> [TASK GOAL]: Print only the lines below from the one with "Τρομολαγνικά δημοσιεύματα βρετανικών" to the one with "把该报发送到 Repeater,把用户改成 administrator", both included, exactly as they stand. Leave pictures out.

> [INPUT DATA]:
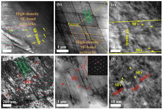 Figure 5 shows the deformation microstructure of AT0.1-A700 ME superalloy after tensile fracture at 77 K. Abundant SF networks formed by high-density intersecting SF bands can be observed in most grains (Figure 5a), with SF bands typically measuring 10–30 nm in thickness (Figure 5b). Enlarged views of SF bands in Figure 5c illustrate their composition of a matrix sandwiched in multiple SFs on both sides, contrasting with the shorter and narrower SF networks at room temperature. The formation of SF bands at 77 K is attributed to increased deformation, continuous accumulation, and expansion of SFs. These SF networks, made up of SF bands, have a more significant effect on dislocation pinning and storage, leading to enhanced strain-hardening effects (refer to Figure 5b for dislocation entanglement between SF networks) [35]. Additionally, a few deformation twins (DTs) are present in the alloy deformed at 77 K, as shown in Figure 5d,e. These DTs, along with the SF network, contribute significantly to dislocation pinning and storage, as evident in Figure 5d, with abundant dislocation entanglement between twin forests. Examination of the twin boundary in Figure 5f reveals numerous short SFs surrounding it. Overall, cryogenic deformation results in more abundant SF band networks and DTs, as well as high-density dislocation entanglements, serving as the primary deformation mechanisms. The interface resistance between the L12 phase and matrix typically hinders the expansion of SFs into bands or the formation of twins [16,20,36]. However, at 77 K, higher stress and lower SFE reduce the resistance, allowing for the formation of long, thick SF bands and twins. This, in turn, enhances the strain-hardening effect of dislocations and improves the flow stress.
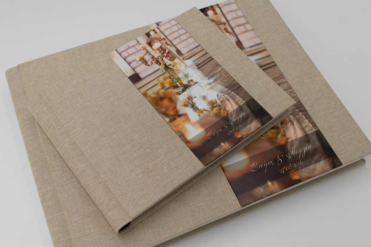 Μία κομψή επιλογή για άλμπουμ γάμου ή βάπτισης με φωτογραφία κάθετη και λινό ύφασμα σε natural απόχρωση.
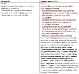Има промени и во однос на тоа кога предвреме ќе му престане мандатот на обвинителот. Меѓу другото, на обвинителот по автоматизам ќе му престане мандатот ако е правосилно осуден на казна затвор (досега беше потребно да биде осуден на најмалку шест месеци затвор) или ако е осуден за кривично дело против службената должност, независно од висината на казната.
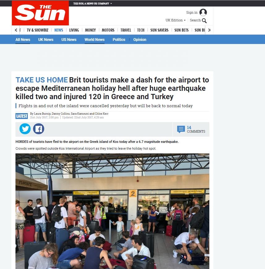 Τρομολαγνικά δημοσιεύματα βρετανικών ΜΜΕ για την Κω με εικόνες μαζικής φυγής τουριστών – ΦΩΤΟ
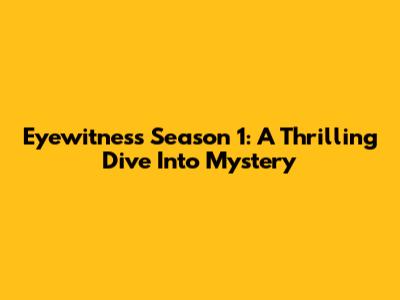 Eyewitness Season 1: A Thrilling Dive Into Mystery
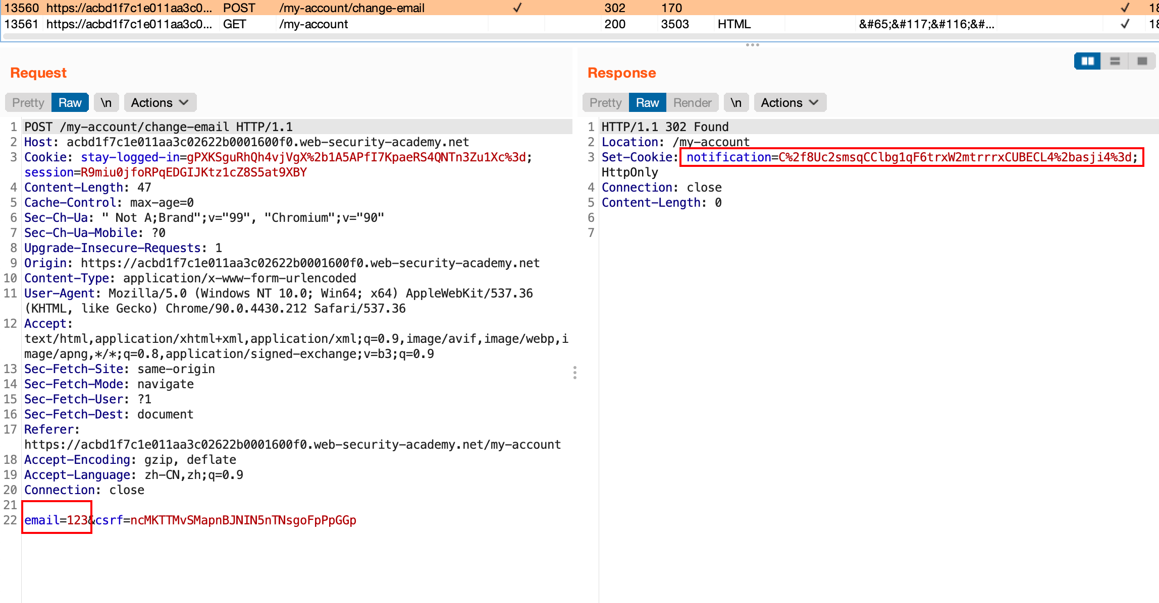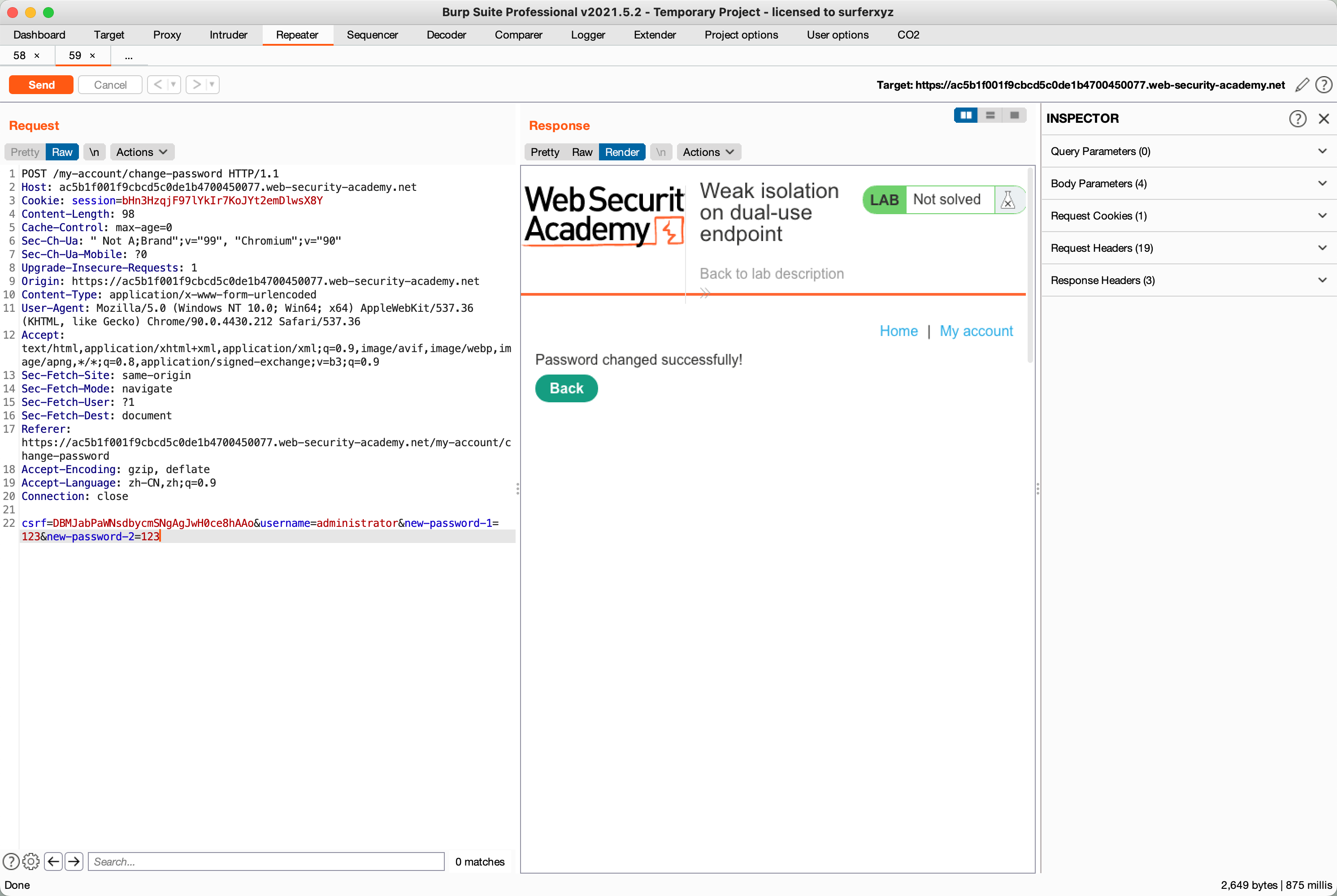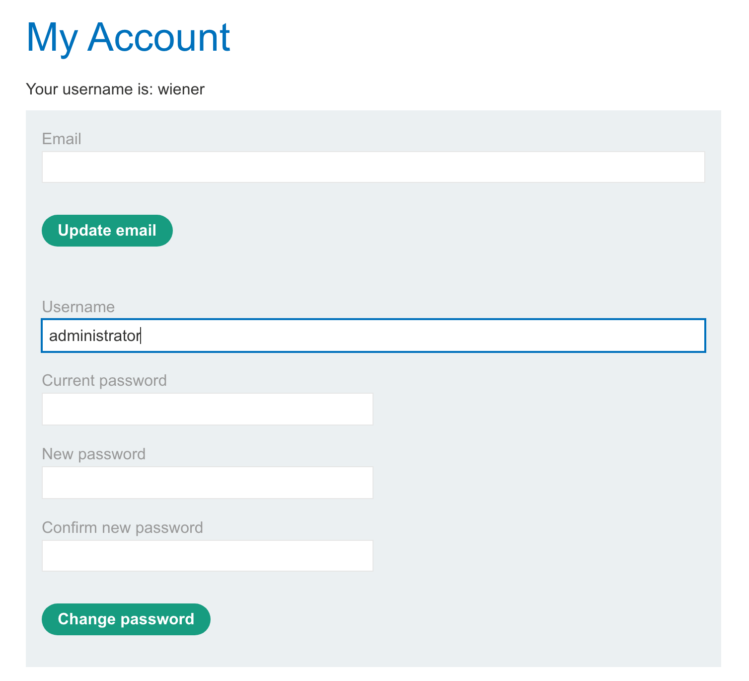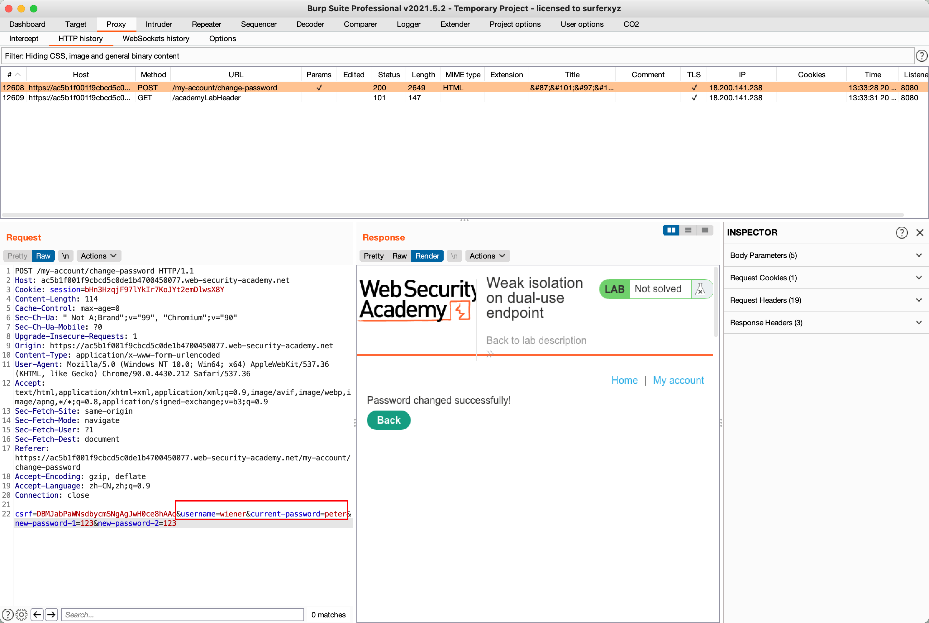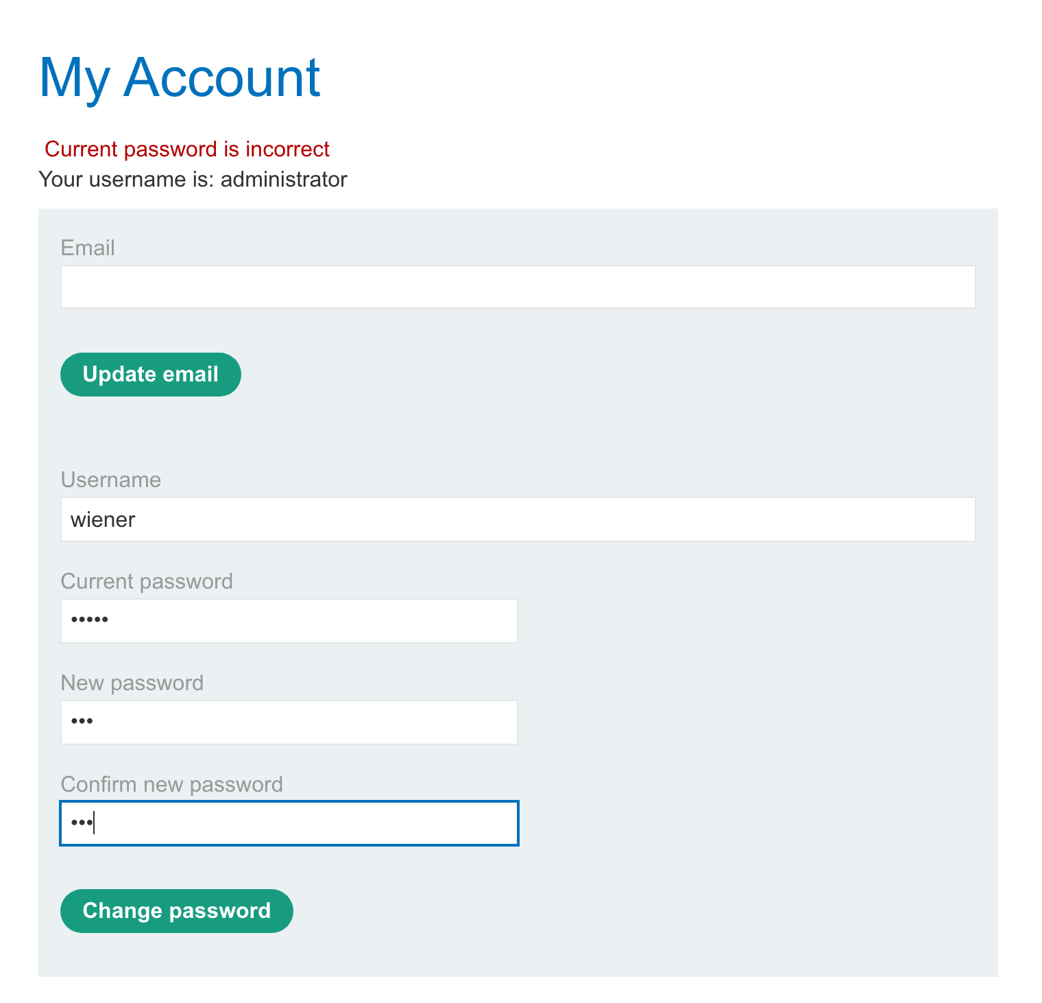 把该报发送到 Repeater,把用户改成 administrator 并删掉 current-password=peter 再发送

...

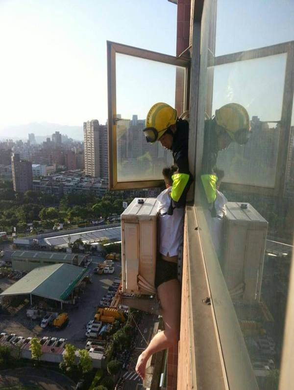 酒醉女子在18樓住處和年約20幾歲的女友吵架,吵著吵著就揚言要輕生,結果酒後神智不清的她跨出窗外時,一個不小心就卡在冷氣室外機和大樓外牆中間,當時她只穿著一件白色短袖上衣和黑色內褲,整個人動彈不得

...

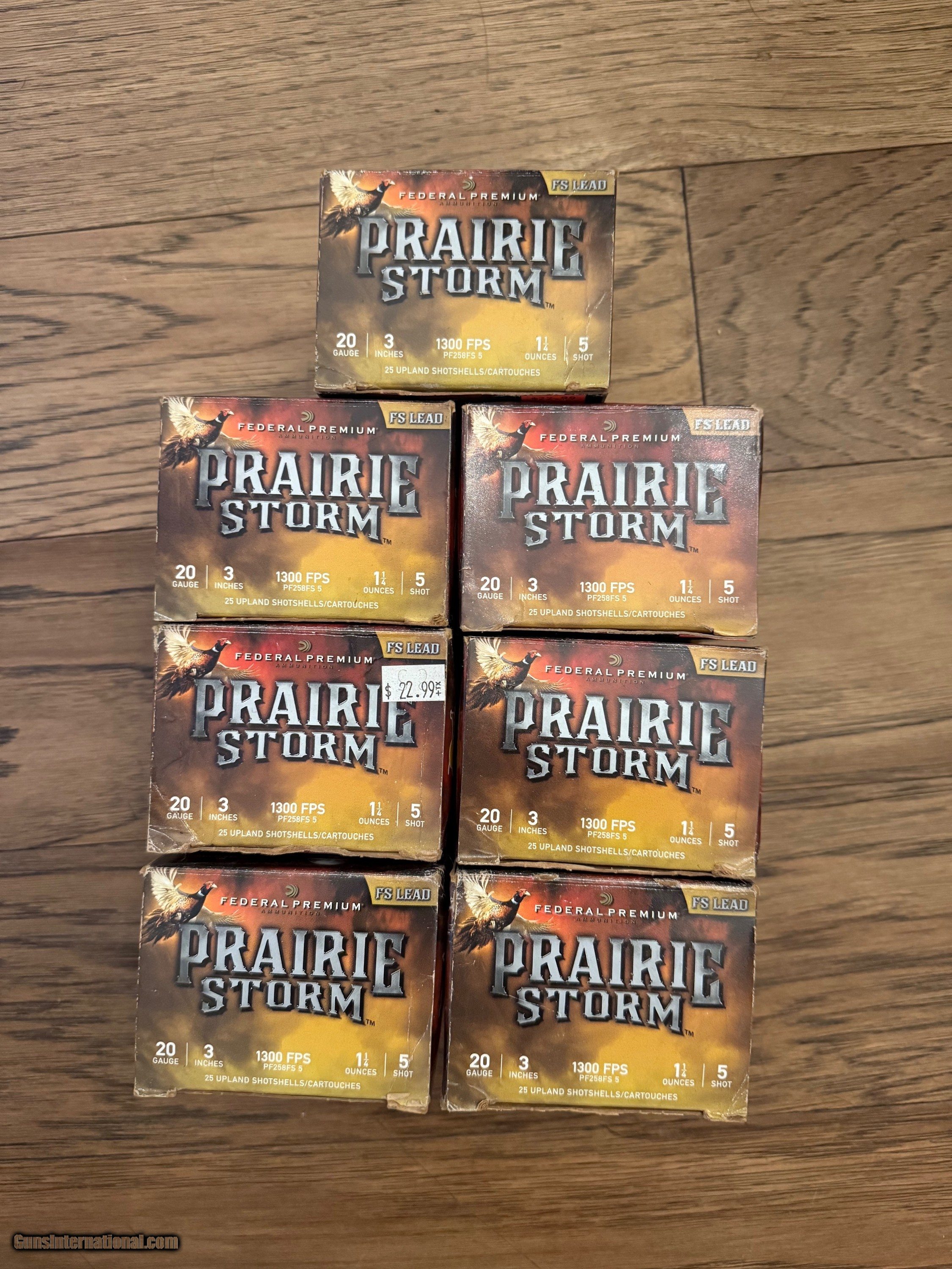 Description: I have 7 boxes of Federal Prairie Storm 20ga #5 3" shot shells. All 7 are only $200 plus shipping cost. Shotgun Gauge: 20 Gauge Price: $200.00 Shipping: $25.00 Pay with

> [SOLUTION TO THE PROBLEM]:
 Τρομολαγνικά δημοσιεύματα βρετανικών ΜΜΕ για την Κω με εικόνες μαζικής φυγής τουριστών – ΦΩΤΟ
 Eyewitness Season 1: A Thrilling Dive Into Mystery
 把该报发送到 Repeater,把用户改成 administrator 并删掉 current-password=peter 再发送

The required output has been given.